Task objective>
Once you find the line below that has "Para alcançar o", output it and every line after it exactly, stopping after the line that has "Dæk bordet til", with no pictures.

Records from a data source
+ + + +

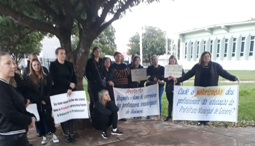 Um grupo de professores da rede municipal realizou protesto nesta segunda-feira em frente à prefeitura de Goioerê. Eles usaram roupas pretas e mostraram cartazes pedindo valorização. O principal pedido é sobre o piso do magistério. Na semana passada professores discutiram o assunto em assembleia e não descartaram paralisação após o recesso de julho.
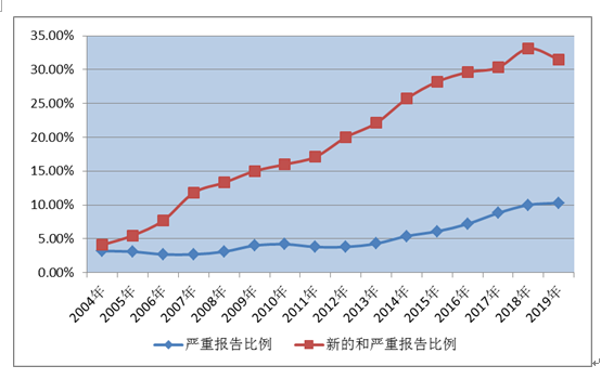 圖2 2004年-2019年新的和嚴(yán)重以及嚴(yán)重藥品不良反應(yīng)/事件報告比例
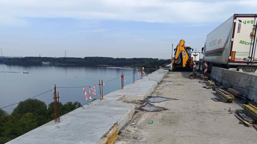 Монтират се реставрираните стълбове при основния ремонт на Дунав мост при Русе. В периода от 30 юли до 5 август са поставени 4 от 8-те стълба на съоръжението в затворената 320-метрова отсечка в посока България. През изминалата седмица завърши полагането на хидроизолация на тротоарния блок в цялата затворена за строително-монтажни работи отсечка. Монтирана е армировката и е положен бетонът на целия затворен за ремонт участък.
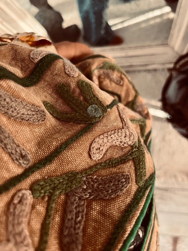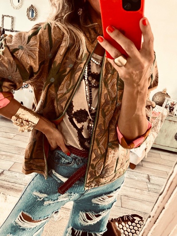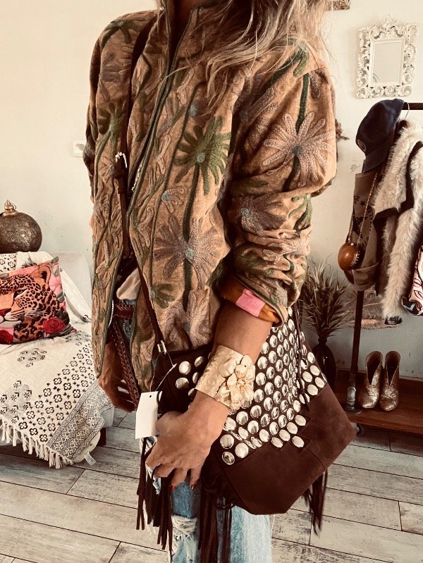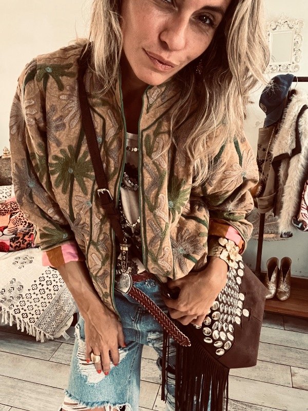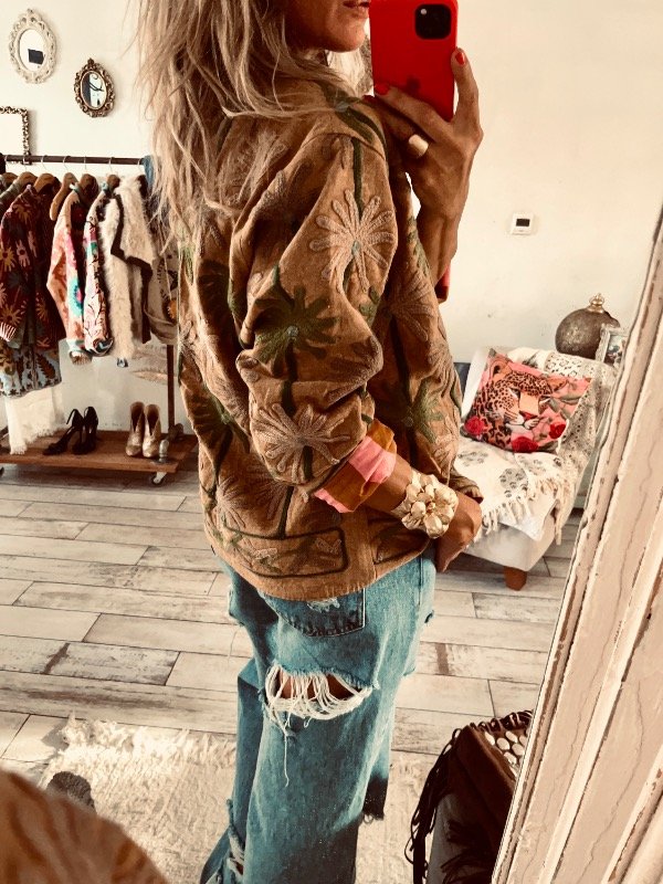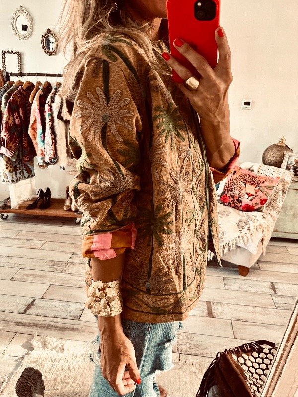 Chaqueta importada India , forrada con tela rayada , viene toda bordada en mangas frente y espalda , no trae ni botones ni cierres, cuello mao
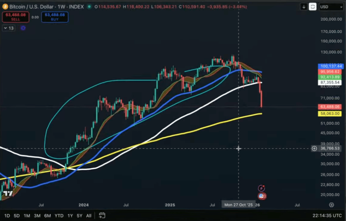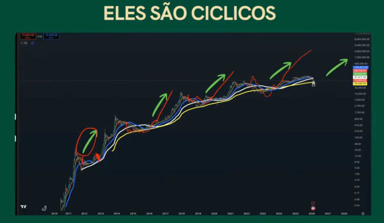 O divisor de águas está na estrutura de preço, porque quando o Bitcoin está acima da média móvel de 50 semanas, o mercado tem tração.
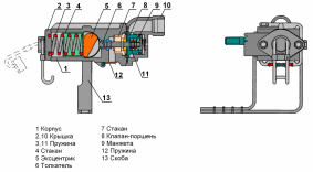 При запрещающем сигнале светофора скоба автостопа находится в заграждающем положении и при наезде на нее скоба отклоняется влево, перемещая эксцентрик 5 который, воздействуя на толкатель , перемещает поршень вправо. Происходит разрядка ТМ в атмосферу экстренным темпом через открытую заслонку.
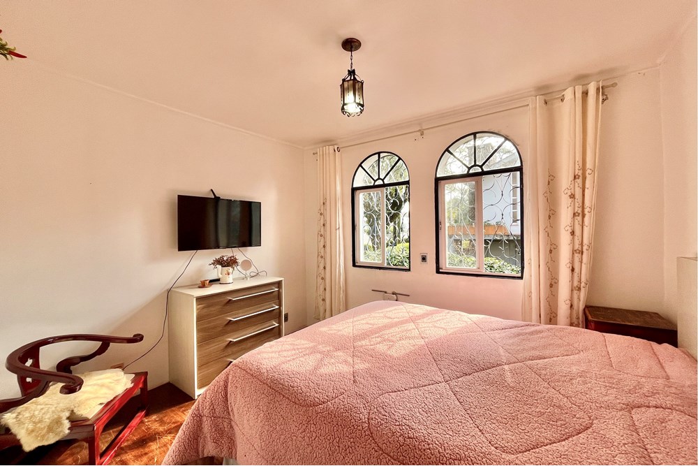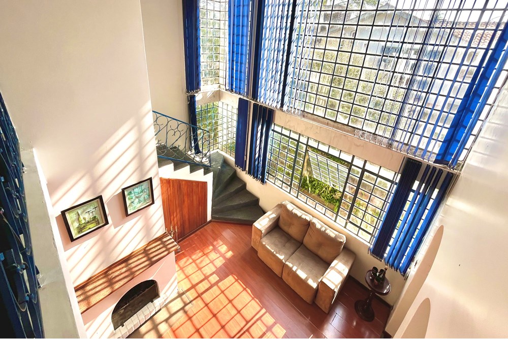 Para alcançar o segundo piso, o guarda-corpo e corrimão em ferro batido dão um toque rústico e aconchegante, conduzindo de forma harmoniosa à área íntima, com quatro dormitórios (uma suíte) com closet e mais um banheiro, todos com ótima orientação solar.
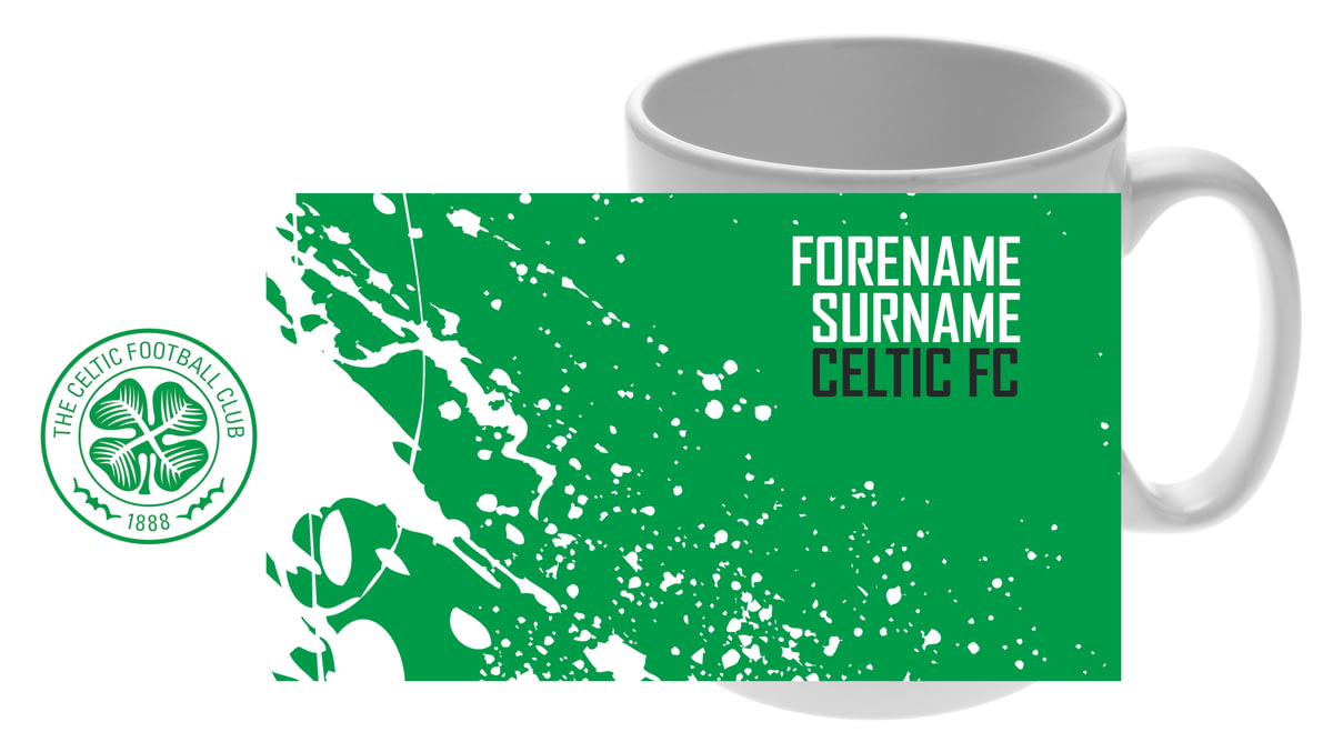 This official licensed mug features a spatter effect on one side and club crest on the other, a must have gift for any proud Celtic fan.
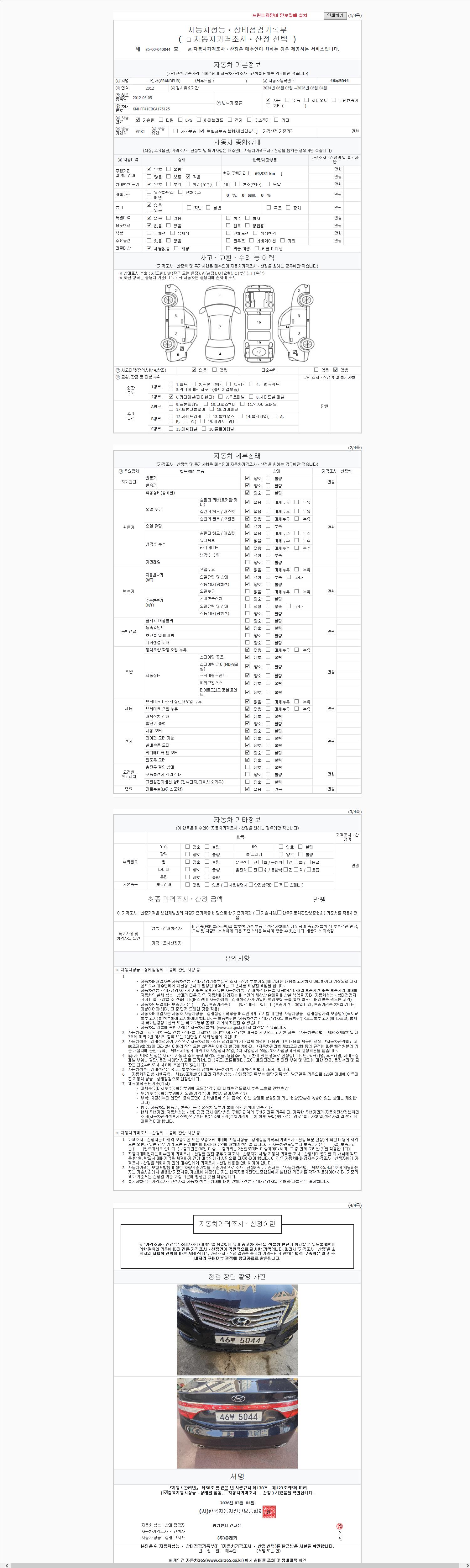 | 주행거리 | 69,930 km | 차량번호 | 46부5044 |
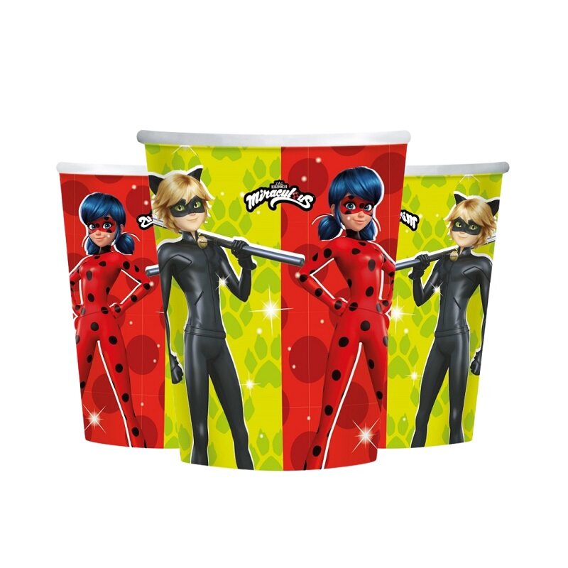 Dæk bordet til en børnefødselsdag med Miraculous Ladybug! Her finder du festartikler, såsom tallerkner, krus og servietter med motiver fra Miraculous Ladybug. Temaet er desuden komplementeret med balloner, flagguirlander, serpentiner og andre smukke festartikler i rødt og sort, der passer perfekt til serien fra Miraculous Ladybug & Cat Noir.
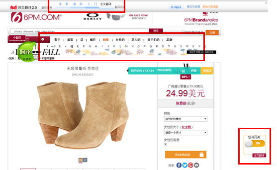 零米海淘神器对我们所支持的所有网站都提供了"导航栏翻译"、"全网翻译"和划词翻译功能,您可以方便 快捷的浏览网页搜索你需要的商品。
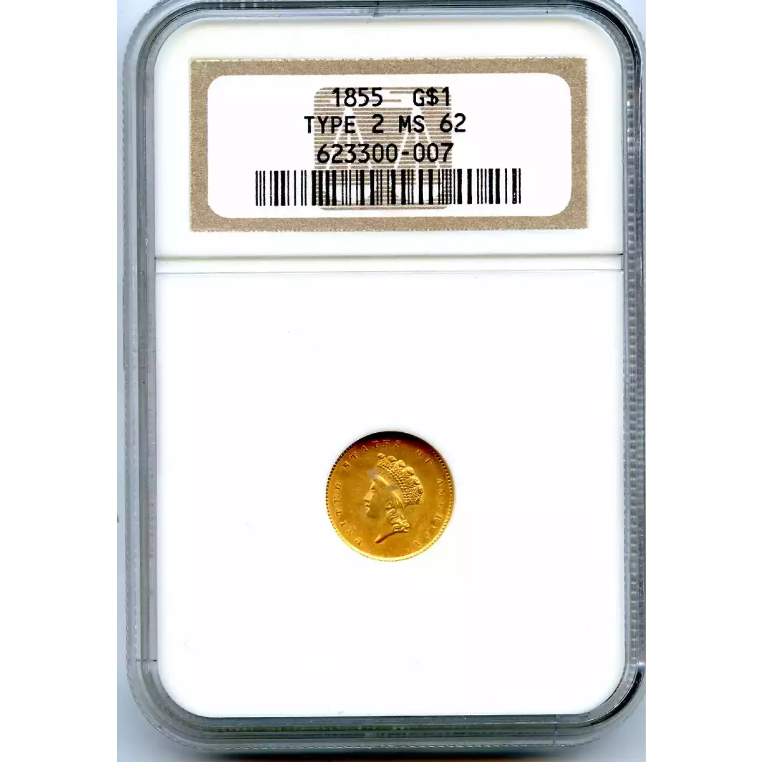 513941 | 1855-MS-62 Gold Dollars Indian Princess Head, Small Head NGC MS-62 | NGC | MS-62 | Sold: 12/05/2020 | $1,600 |
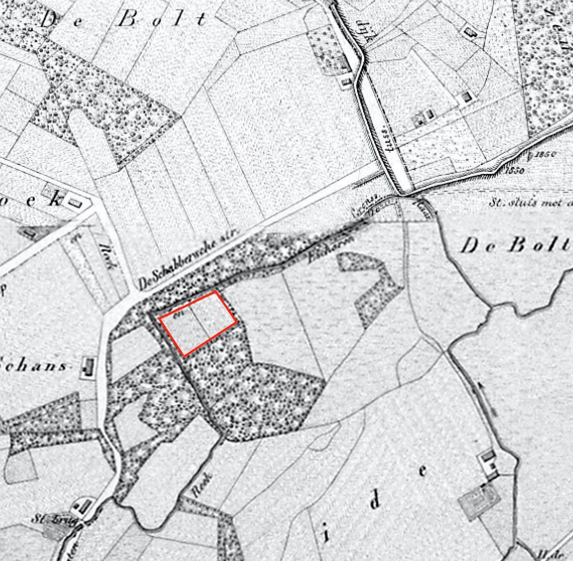 Op bovenstaande kadasterkaart van 1851 staat het perceel aangeven. Het was toen in eigendom van Peter van de Schans.
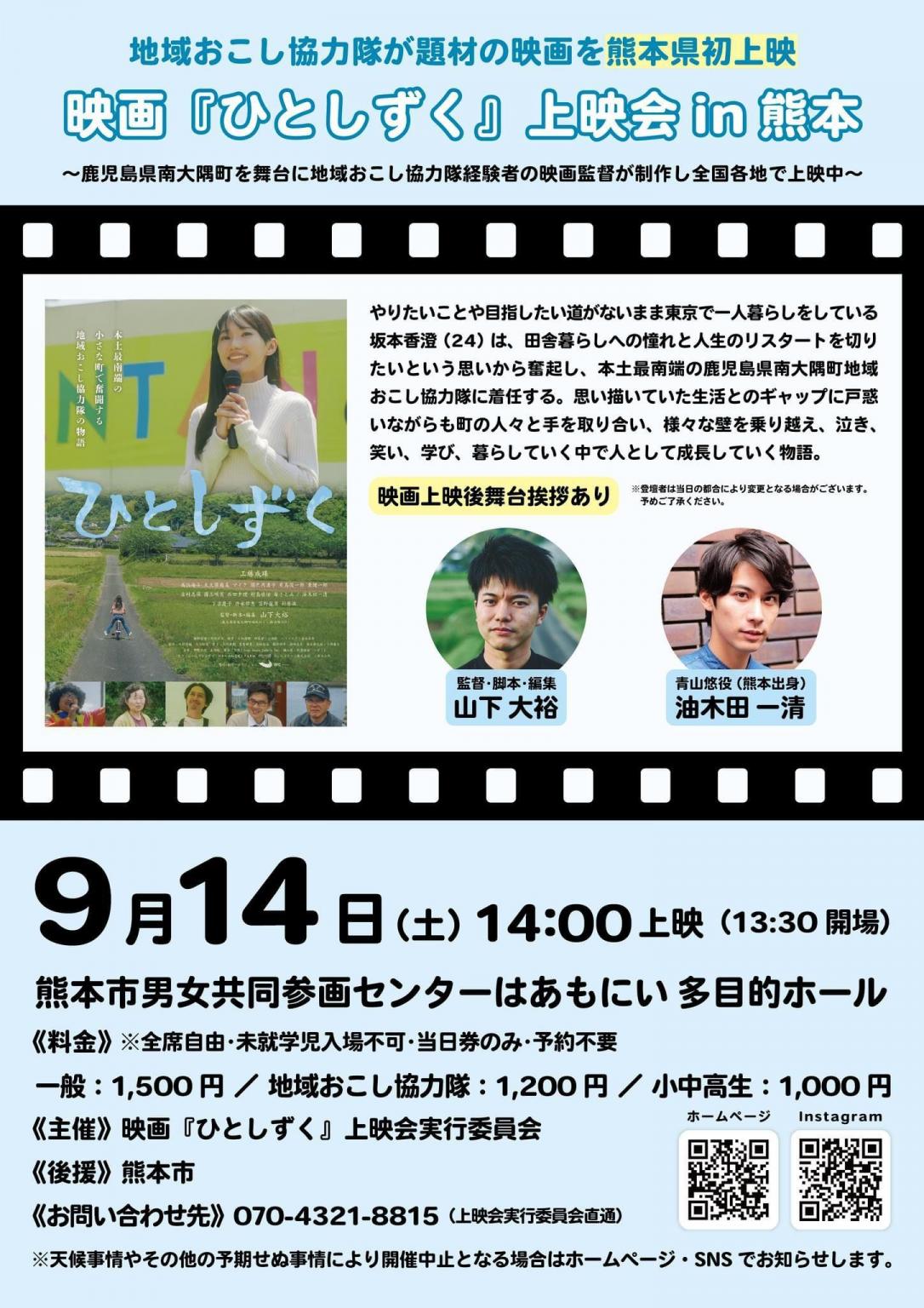 期間:9月14日(土)13:30開場/14:00上映開始映画『ひとしずく』の、熊本市での上映が決定いたしました!
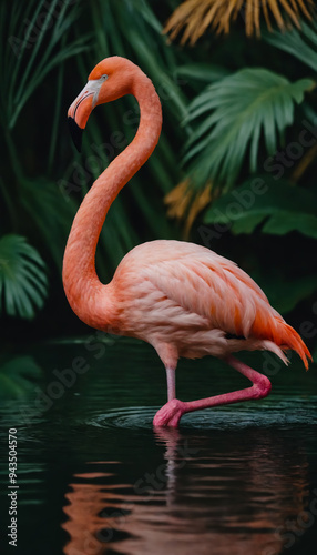 © Nikname, Fototapeta premium A flamingo is standing in a body of water

+ + + +

Finished exercise>
 Para alcançar o segundo piso, o guarda-corpo e corrimão em ferro batido dão um toque rústico e aconchegante, conduzindo de forma harmoniosa à área íntima, com quatro dormitórios (uma suíte) com closet e mais um banheiro, todos com ótima orientação solar.
 This official licensed mug features a spatter effect on one side and club crest on the other, a must have gift for any proud Celtic fan.
 | 주행거리 | 69,930 km | 차량번호 | 46부5044 |
 Dæk bordet til en børnefødselsdag med Miraculous Ladybug! Her finder du festartikler, såsom tallerkner, krus og servietter med motiver fra Miraculous Ladybug. Temaet er desuden komplementeret med balloner, flagguirlander, serpentiner og andre smukke festartikler i rødt og sort, der passer perfekt til serien fra Miraculous Ladybug & Cat Noir.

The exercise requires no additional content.